Files

Jan Nedbal 5b65928007 docs: add live server runtime audit

2026-04-14 13:36:54 +02:00

21 KiB

Raw Blame History

Server runtime audit

Engineer-to-engineer writeup of what the VPS mt2.jakubkadlec.dev is actually running as of 2026-04-14. Existing docs under docs/ describe the intended layout (debian-runtime.md, database-bootstrap.md, config-and-secrets.md); this document is a ground-truth snapshot from a live recon session, with PIDs, paths, versions and surprises.

Companion: docs/server-topology.md for the ASCII diagram and port table.

TL;DR

Only one metin binary is alive right now: the db helper on port 9000 (PID 1788997 at audit time, cwd /home/mt2.jakubkadlec.dev/metin/runtime/server/channels/db).
game_auth and all channel*_core* processes are NOT running. The listing in the original prompt (auth :11000/12000, channel1 cores :11011/12011 etc.) reflects intended state from the systemd units, not the current live process table. ss -tlnp only shows 0.0.0.0:9000 for m2.
The game/auth binaries are not present on disk either. Only share/bin/db exists; there is no share/bin/game_auth and no share/bin/channel*_core*. Those channels cannot start even if requested.
The db unit is currently flapping / crash-looping. systemctl reports deactivating (stop-sigterm); syserr.log shows repeated Connection reset by peer from client peers (auth/game trying to reconnect is the usual culprit, but here nobody is connecting — cause needs verification). Two fresh core.<pid> files (97 MB each) sit in the db channel dir from 13:24 and 13:25 today.
Orchestration is pure systemd, not the upstream start.py / tmux setup. The README still documents start.py, so the README is stale for the Debian VPS; deploy/systemd/ + docs/debian-runtime.md are authoritative.
MariaDB 11.8.6 is the backing store on 127.0.0.1:3306. The DB user the stack is configured to use is bootstrap (from share/conf/db.txt / game.txt). The actual password is injected via /etc/metin/metin.env, which is root:root 600 and intentionally unreadable by the runtime user inspector account.

Host

Hostname: vmi3229987 (Contabo), public name mt2.jakubkadlec.dev.
OS: Debian 13 (trixie).
MariaDB: mariadbd 11.8.6, PID 103624, listening on 127.0.0.1:3306.
All metin services run as the unprivileged user mt2.jakubkadlec.dev:mt2.jakubkadlec.dev.
Runtime root: /home/mt2.jakubkadlec.dev/metin/runtime/server (755 MB across channels/, 123 MB across share/, total metin workspace on the box ~1.7 GB).

Processes currently alive

From ps auxf + ss -tlnp at audit time:

mysql    103624  /usr/sbin/mariadbd                     — 127.0.0.1:3306
mt2.j+  1788997  /home/.../channels/db/db               — 0.0.0.0:9000

No other m2 binaries show up. ps has zero matches for game_auth, channel1_core1, channel1_core2, channel1_core3, channel99_core1.

Per-process inspection:

PID	cwd	exe (resolved)	fds of interest
1788997	`.../runtime/server/channels/db`	`.../share/bin/db` (via `./db` symlink)	fd 3→syslog.log, fd 4→syserr.log, fd 11 TCP `*:9000`, fd 17 `[eventpoll]` (epoll fdwatch)

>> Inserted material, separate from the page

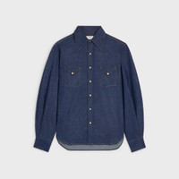 DETAILS 100% COTTON CLASSIC FIT DRUGSTORE COLLAR 2 PATCH POCKETS WITH FLAP ON THE CHEST ROUNDED HEM 6 TRIOMPHE SNAP BUTTONS 1 CELINE PARIS-ENGRAVED BUTTON ON THE COLLAR 1 TRIOMPHE SNAP BUTTON ON THE POCKETS 3 TRIOMPHE SNAP BUTTONS ON THE CUFFS MADE IN JAPAN REFERENCE : RC0AD2N67.GGG3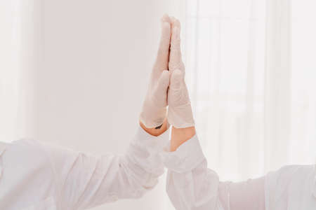 Medical doctors team wearing protective gloves and mask for protect the virus Covid-19, medical mask, hospital, quarantine outbreak concept

The db symlink inside the channel dir resolves to ../../share/bin/db, which is an ELF 64-bit LSB pie executable, x86-64, dynamically linked, BuildID fc049d0f..., not stripped. Build identifier from channels/db/VERSION.txt: db revision: b2b037f-dirty — the dirty tag is a red flag, the build wasn't from a clean checkout of m2dev-server-src.

The usage.txt in the same directory shows hourly heartbeat rows with | 0 | 0 | since 2026-04-13 21:00 (the "sessions / active" columns are stuck at zero — consistent with no game channels being connected).

Binaries actually present on disk

/home/mt2.jakubkadlec.dev/metin/runtime/server/share/bin/
├── db        ← present, used
└── game      ← present (shared game binary, but not launched under any
                instance name that the systemd generator expects)

What is NOT present:

share/bin/game_auth
share/bin/channel1_core1, channel1_core2, channel1_core3
share/bin/channel99_core1

The metin-game-instance-start helper (/usr/local/libexec/...) is a bash wrapper that cds into channels/<channel>/<core>/ and execs ./<instance>, e.g. ./channel1_core1. Those per-instance binaries don't exist yet. The channel dirs themselves (channel1/core1/, etc.) already contain the scaffolding (CONFIG, conf, data, log, mark, package, p2p_packet_info.txt, packet_info.txt, syserr.log, syslog.log, version.txt), but version.txt says game revision: unknown and the per-instance executable file is missing. The log directory has a single stale syslog_2026-04-13.log.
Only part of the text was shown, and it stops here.